### TASK DIRECTIONS:
Every line from the top of the records through the line containing "研究開発のお手伝いから、設計" should be retyped exactly; the pictures should not.

### Saved data entries:
▼
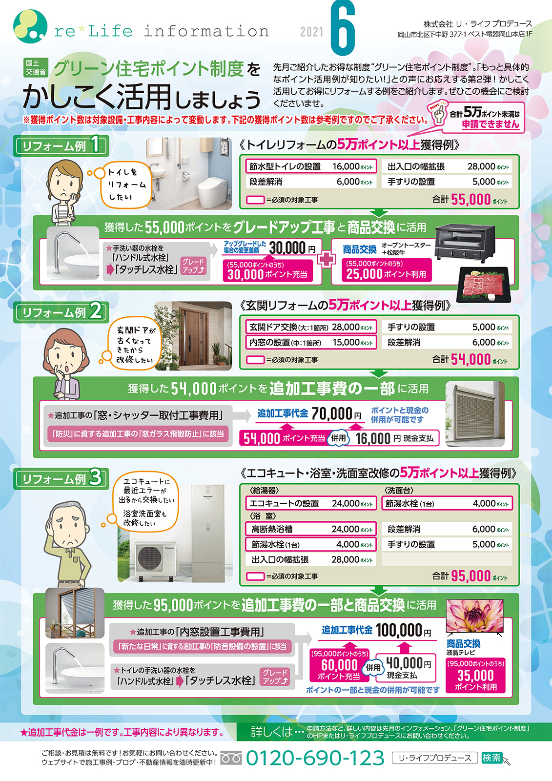 グリーン住宅ポイント制度をかしこく活用しましょう。 先月に引き続き第2弾!もっと具体的なポイント活用方法をご紹介します。 PDFダウンロード
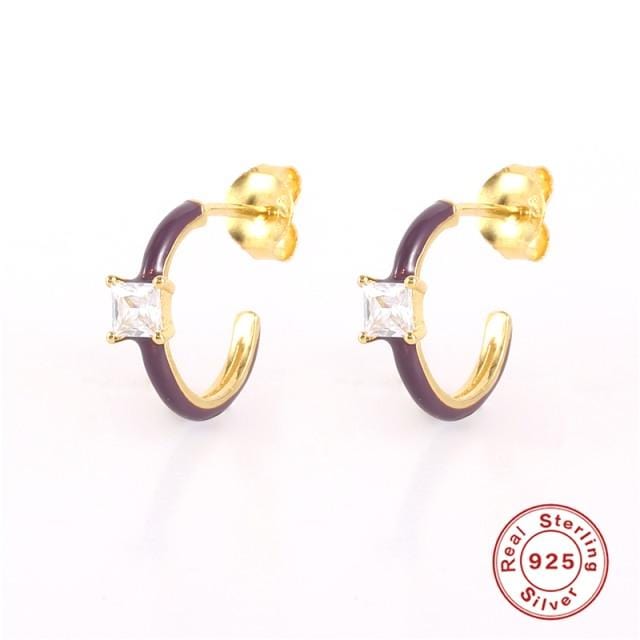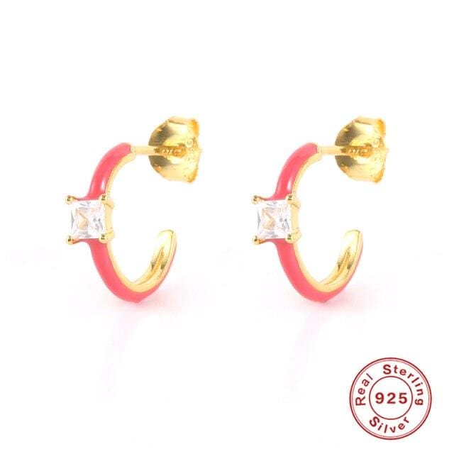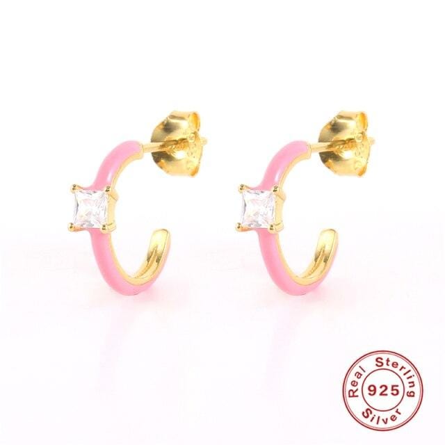 ROXI Colorful Enamel Stud Earrings for Women Neon Round Circle Jewelry Earrings 925 Sterling Silver Huggie Earrings Piercing
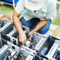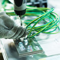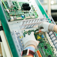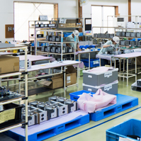 研究開発のお手伝いから、設計、製造(プリント基板実装、ハーネス製作、機器組立)、検査、梱包、出荷まで、ワンストップでお客様のニーズにきめ細かく対応します。また、試作から量産、さらに多品種少量にも対応できる強みをもっています。
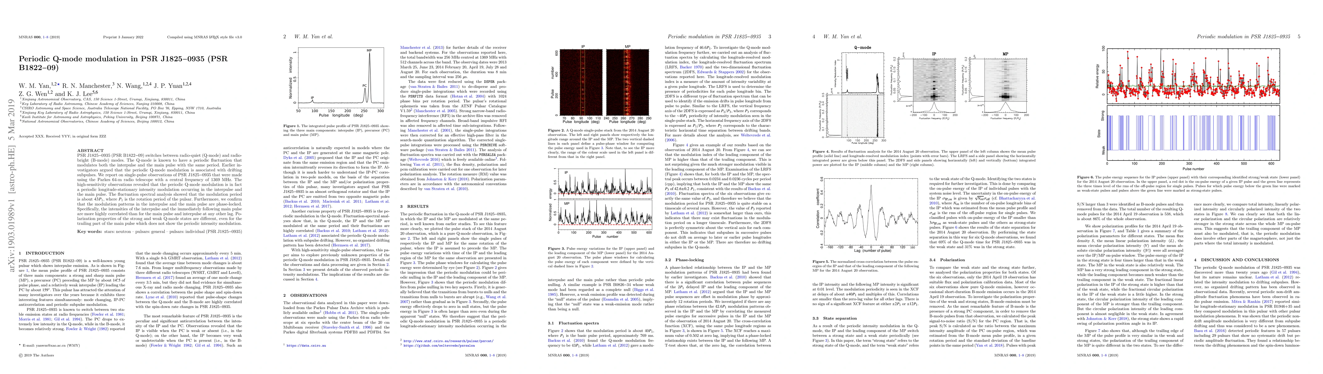 This paper reports on single-pulse observations of PSR J1825$-$0935, revealing that the periodic Q-mode modulation is a longitude-stationary intensity modulation in both the interpulse and main pulse, with a modulation period of about $43 P_1$. The study confirms phase-locked modulation patterns and distinct polarization properties between strong and weak Q-mode states.
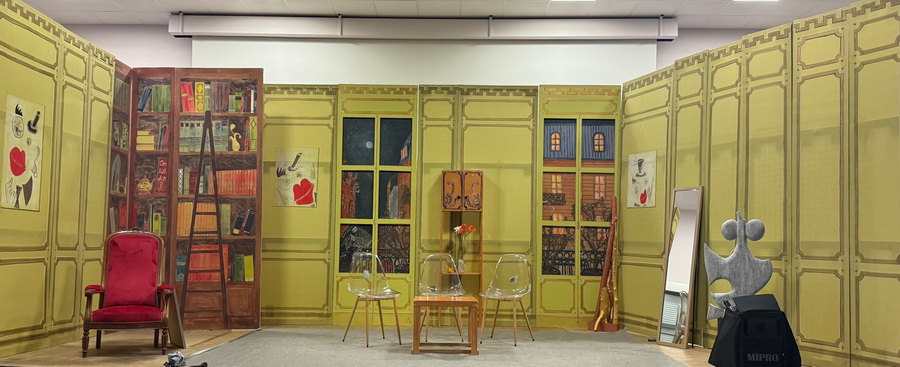 La Cie Le petit fauteuil rouge vend des décors d’appartement bourgeois : 19 panneaux de 2,85 m de haut, développé total de 12 m linéaire. Châssis en médium recouverts d’une toile tendue ignifugée M1, peints à la main. Temps de montage environ 2h à 2 personnes. Les panneaux sont visibles à Mariganc (31)
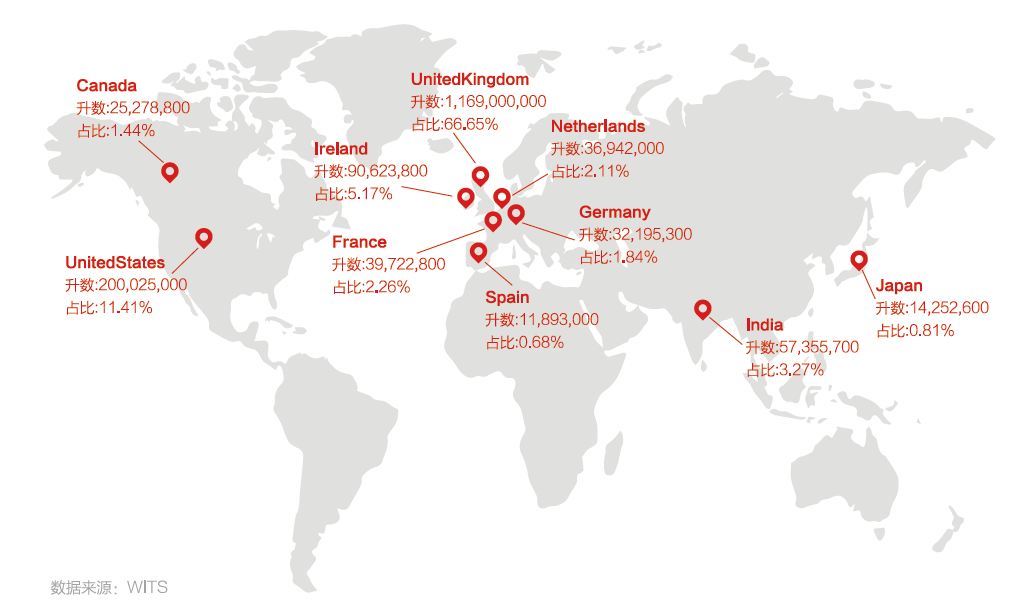 世界第三大威士忌出口国爱尔兰仅占中国进口量的1.00%, 而出口量世界排名第九的日本在中国进口量排序中位居第三。
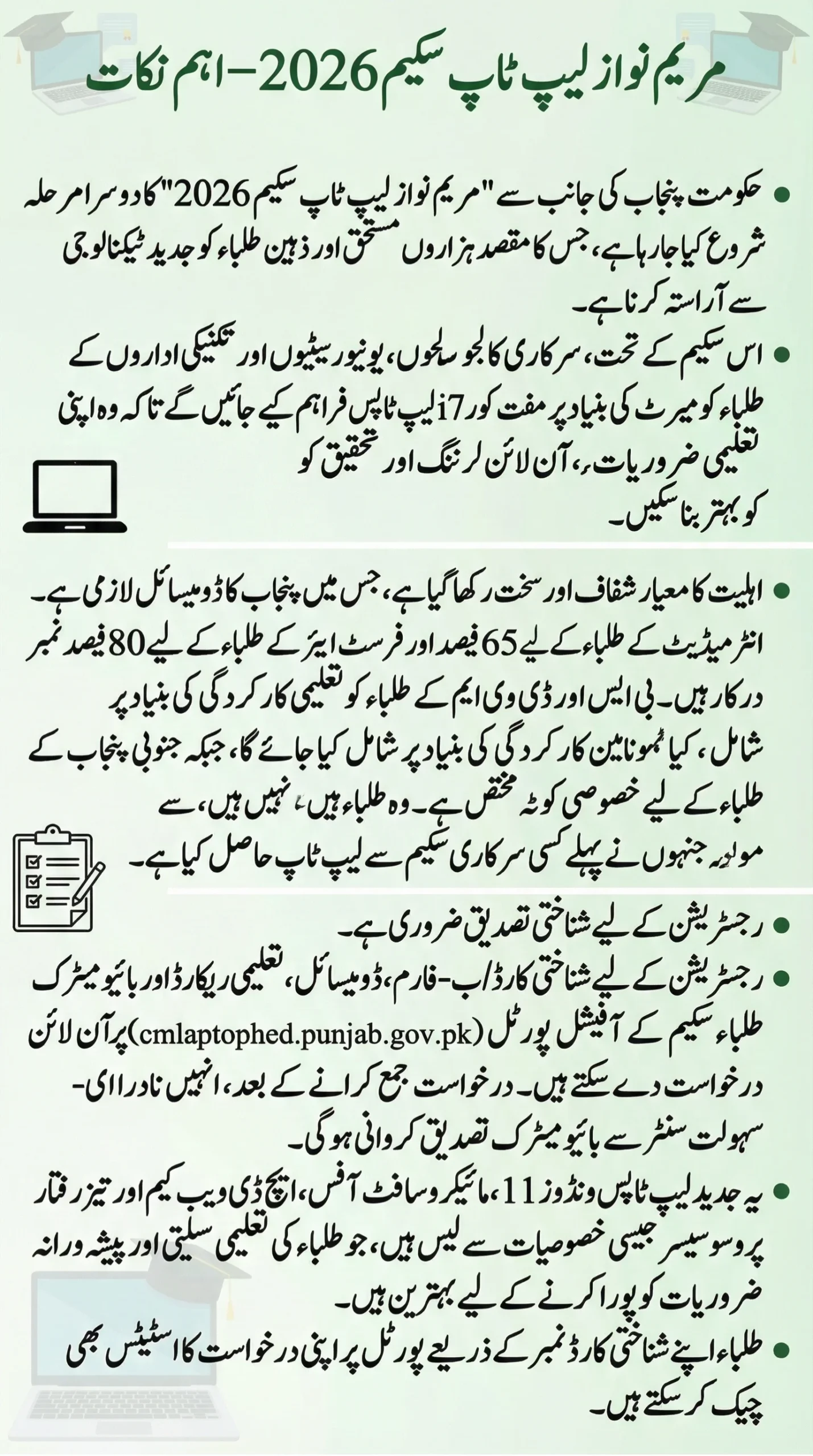 Eligibility Criteria for Maryam Nawaz Laptop Scheme 2026
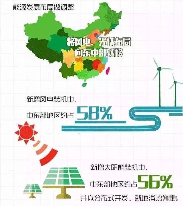 《规划》对“十三五”时期的重大能源项目、能源通道作出了统筹安排。其中,在能源发展布局上做了一些调整,主要是将风电、光伏布局向东中部转移,新增风电装机中,中东部地区约占58%,新增太阳能装机中,中东部地区约占56%,并以分布式开发、就地消纳为主。
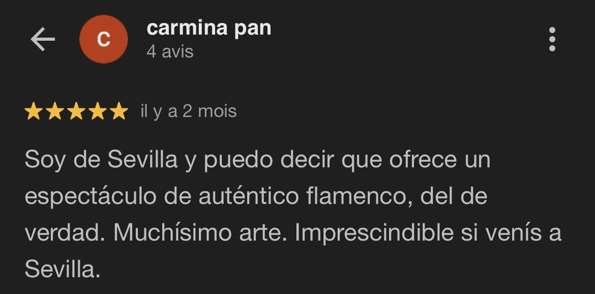 Precio especial residente de Sevilla : 20,00€ / pers (Enseñar su DNI)
▲
### WORKED SOLUTION:
 グリーン住宅ポイント制度をかしこく活用しましょう。 先月に引き続き第2弾!もっと具体的なポイント活用方法をご紹介します。 PDFダウンロード
 ROXI Colorful Enamel Stud Earrings for Women Neon Round Circle Jewelry Earrings 925 Sterling Silver Huggie Earrings Piercing
 研究開発のお手伝いから、設計、製造(プリント基板実装、ハーネス製作、機器組立)、検査、梱包、出荷まで、ワンストップでお客様のニーズにきめ細かく対応します。また、試作から量産、さらに多品種少量にも対応できる強みをもっています。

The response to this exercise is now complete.